Thanks. This was a question that one of the new guides where I work had. They were talking Trillium (8 years) and someone asked how the Cyps. compared. 

It is so refreshing to work in an environment where there are Cyps practically everywhere you look! I look forward to learning more about actually growing them so I can share more (better) information with the public.


----------



## Greenthings (Mar 22, 2007)

Heather said:


> Hi, someone here just asked me how long it takes Cyps (generally) to go from seed to blooming size.
> 
> Can someone help? Sorry, no time to search cause I'm at work.
> Thanks!
> H



Heather,

I have propagated many Cyp. reginae seedlings in my lab. 

Say I would sow the seeds in October 2005, right after harvesting them, these would germinate and grow in the dark/warm until December 2006, when each seedling would have one or two shoots of one half inch, and five or more roots about 4 inches long. No chlorophyl, these would be white seedlings. These then must be stored in the fridge door at 5 degrees C for three to four months to overcome bud dormancy. By April 2006 these would come out of the fridge and be potted up or planted out in the garden.
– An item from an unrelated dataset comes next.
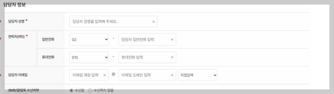 6.담당자정보입력시 기업대표담당자 성명과 연락처는 필수입력입력이며기업대표 담당자 이메일입력과 이메일 수신여부등을 체크합니다.

Soon the first green leaf will emerge.

From customer feedback, the earliest Cyp reginae seedlings flowered for them was three years from potting date, thus approximately four years from sowing date.

peter


----------



## Heather (Mar 22, 2007)

Lance - I must apologize! 

I totally f'd up your response! 

SORRY! 
please feel free to respond. 

FWIW I am working in the development department at the New England Wild Flower Society.


----------



## gonewild (Mar 22, 2007)

Heather said:


> Lance - I must apologize!
> 
> I totally f'd up your response!
> 
> ...



Me be  ?


----------